I am trying to implement omniauth-facebook as described in Railscast #360 and have run into quite a roadblock. When I click on the signin link, I get the desired popup asking me to input my facebook credentials, but when I submit, I get an OmniAuth::Strategies::OAuth2::CallbackError error. In the apache logs, this is printed: (facebook) Authentication failure! invalid_credentials: OmniAuth::Strategies::OAuth2::CallbackError, OmniAuth::Strategies::OAuth2::CallbackError
here is the relevant code:
omniauth.rb
OmniAuth.config.logger = Rails.logger
Rails.application.config.middleware.use OmniAuth::Builder do
provider :facebook, ENV['FACEBOOK_APP_ID'], ENV['FACEBOOK_SECRET']
end
sessions_controller.rb
class SessionsController < ApplicationController
def create
user = User.from_omniauth(env["omniauth.auth"])
session[:user_id] = user.id
redirect_to root_url
end
def destroy
session[:user_id] = nil
redirect_to root_url
end
end
application.html.erb
<div id="fb-root"></div>
<script>
window.fbAsyncInit = function() {
FB.init({
appId : '(**my app id**)', // App ID
status : true, // check login status
cookie : true // enable cookies to allow the server to access the session
});
$('#sign_in').click(function(e) {
e.preventDefault();
return FB.login(function(response) {
if (response.authResponse) {
return window.location = '/auth/facebook/callback';
}
});
});
return $('#sign_out').click(function(e) {
FB.getLoginStatus(function(response) {
if (response.authResponse) {
return FB.logout();
}
});
return true;
});
};
</script>
Am I missing something simple? I've been searching for a solution for the last few days.

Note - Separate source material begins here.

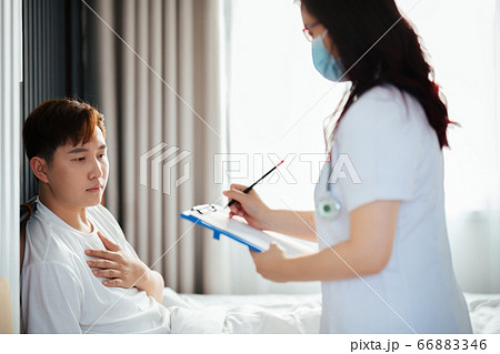 Woman Doctor holding Coronavirus COVID-19 Infected Blood Sample and syringe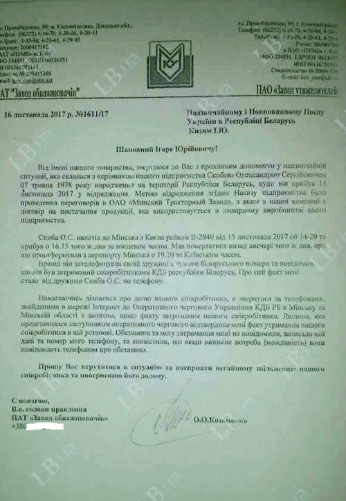 В обращении, подписанном и.о председателя правления этого завода О. Козьменко, утверждается, что директор ПАО "Завод утяжелителей" Скиба Александр Сергеевич (7 мая 1978 года рождения) прибыл в Минск 15 ноября в командировку на переговоры с ОАО "Минский тракторный завод", с которым в украинского предприятия существует договор о поставках продукции, которая используется в литейном производстве белорусского завода.

It seems like omniauth-facebook v1.4.1 introduced an issue with CSRF. A temporary fix is to just roll back to v1.4.0. In your Gemfile, change the omniauth-facebook line to:
gem 'omniauth-facebook', '1.4.0'
I've reported the issue: https://github.com/mkdynamic/omniauth-facebook/issues/73
I had a similar issue where it was working for 1 user but getting the Authenticating error for the 2nd user.
Disabling the Sandbox mode (Apps > Settings > Advanced) seems to have fixed it.
In your omniauth.rb add code:
OmniAuth.config.on_failure = Proc.new do |env| new_path = "/auth/failure"
[302, {'Location' => new_path, 'Content-Type'=> 'text/html'}, []]
end
I've noticed that omniauth-oauth2 > 1.0.3 will cause a problem too, uninstalling higher version and keep omniauth-oauth2 1.0.3 solved the problem ..
I have this too.
Remove the JS script in your application.html.erb (but keep the fb-root div) will work. Anyway, the FB login screen won't be displayed in a popup window anymore, you'll be redirected to FB login then back to your site instead.
For anyone that's careless like I am,
Remember to switch you app out of Sandbox mode at developers.facebook before you deploy!
Sandbox mode will trigger the csrf error for everyone except the developer's account.
you may want to override OmniauthCallbacksController, and add this to logging:
class OmniauthCallbacksController < Devise::OmniauthCallbacksController
def failure_message
exception = env["omniauth.error"]
#add login here:
Rails.logger.info "exception: #{exception.inspect}"
error = exception.error_reason if exception.respond_to?(:error_reason)
error ||= exception.error if exception.respond_to?(:error)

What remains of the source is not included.